According to Moneyfactscompare.co.uk, the average two-year fixed BTL rate now stands at 4.88%, down from 6.64% last year, while the typical five-year option has dropped to 5.21%.
At the same time, the number of available products has surged to 4,597, the highest since records began in 2011.
There are still more five-year fixed deals than two-year fixed deals with loan-to-value tiers showing record volumes of deals at 80% and 75% LTVs, both for two- and five-year fixed options.
Landlords wanting BTL remortgages
The platform’s finance expert, Rachel Springall, said: “Landlords looking to refinance or entering the market may be encouraged to see that buy to let rates have dipped to their lowest levels since September 2022, both for either a two- or five-year fixed term.
“Those landlords who locked into a fixed rate deal in 2023 and are due to refinance will find the average two-year fixed rate has fallen from 6.64% to 4.88%, and the rate has edged slightly lower than 5% since the start of June 2025 (4.98%).”
She added: “However, uncertainties on the path of interest rates, and the changes to mortgage interest tax relief embedded by April 2020, meant some landlords would have grabbed a five-year fixed deal for peace of mind.
“In September 2020, the average five-year fixed rate was 3.20%, but today the difference in rate is around 2% more, at 5.21%.”
Landlords are under pressure
Ms Springall warns that tax reforms, including speculation over National Insurance Contributions being applied to rental income, could make limited company structures increasingly attractive.

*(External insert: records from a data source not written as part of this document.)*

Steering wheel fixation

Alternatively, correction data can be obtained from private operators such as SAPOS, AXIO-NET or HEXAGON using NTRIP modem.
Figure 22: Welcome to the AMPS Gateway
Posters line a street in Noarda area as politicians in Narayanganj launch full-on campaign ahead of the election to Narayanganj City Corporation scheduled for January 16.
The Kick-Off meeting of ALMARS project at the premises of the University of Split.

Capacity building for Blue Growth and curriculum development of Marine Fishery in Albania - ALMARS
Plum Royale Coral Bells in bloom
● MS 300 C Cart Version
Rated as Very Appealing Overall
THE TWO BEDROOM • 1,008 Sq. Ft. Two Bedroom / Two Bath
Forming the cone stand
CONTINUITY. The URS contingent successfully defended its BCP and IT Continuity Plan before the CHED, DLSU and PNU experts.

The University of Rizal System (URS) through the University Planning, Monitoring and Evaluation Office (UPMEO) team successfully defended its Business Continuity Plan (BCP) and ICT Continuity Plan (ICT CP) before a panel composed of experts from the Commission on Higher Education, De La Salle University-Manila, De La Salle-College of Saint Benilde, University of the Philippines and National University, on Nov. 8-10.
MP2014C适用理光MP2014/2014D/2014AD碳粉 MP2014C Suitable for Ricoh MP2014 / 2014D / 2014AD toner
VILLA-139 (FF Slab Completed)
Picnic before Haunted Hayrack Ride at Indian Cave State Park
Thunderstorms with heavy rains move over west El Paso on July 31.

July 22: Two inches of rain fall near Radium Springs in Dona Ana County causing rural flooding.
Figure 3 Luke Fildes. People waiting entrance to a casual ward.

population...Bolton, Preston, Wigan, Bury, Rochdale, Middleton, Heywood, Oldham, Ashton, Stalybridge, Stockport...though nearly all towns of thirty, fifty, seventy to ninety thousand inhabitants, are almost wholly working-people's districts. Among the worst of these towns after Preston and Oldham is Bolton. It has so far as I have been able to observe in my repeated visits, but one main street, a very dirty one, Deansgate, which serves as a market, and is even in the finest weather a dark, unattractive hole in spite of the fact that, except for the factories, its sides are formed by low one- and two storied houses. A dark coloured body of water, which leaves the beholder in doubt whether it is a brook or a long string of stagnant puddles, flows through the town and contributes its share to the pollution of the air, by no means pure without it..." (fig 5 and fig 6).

She said: “The mounting pressure on landlords is stark, as recent figures from UK Finance revealed buy to let mortgage repossessions are up by 11% year-on-year.
“Not only this, but there are growing reasons for landlords to seriously consider leaving the market, or to reduce their portfolio.
“A record 26% of landlords sold at least one property in 2024 while just 8% of landlords bought, according to a survey from the National Residential Landlords Association.”
Also, the Renters’ Rights Bill which could become this month could add further challenges with the abolition of Section 21 ‘no-fault’ evictions and tightening property standards.
Landlords leaving the PRS
Megan Eighteen, the president of ARLA Propertymark, said: “Landlords leaving the market is a continuous trend and is pushing up rents for tenants due to a growing supply and demand imbalance.
“Ultimately, it’s positive to see there is a glimmer of hope for those landlords looking to take out a buy to let mortgage as they become the most affordable they’ve been in years.”
She adds: “However, successive governments have placed pressure on many other areas of a landlords finances for decades, and with the news of yet another blow for investors due in the upcoming Budget, the future of the private rented sector is concerning.”
Ms Eighteen went on to say that rental supply shortages are the biggest issue and: “We need to value every part of our housing ecosystem as the fundamental issue to tackle is the lack of homes for the nation.
“Many people rely on their rental home and if we’re not careful in ensuring a healthy and sustainable mix of homes of all tenures, many could find it increasingly difficult and unaffordable when looking to move.”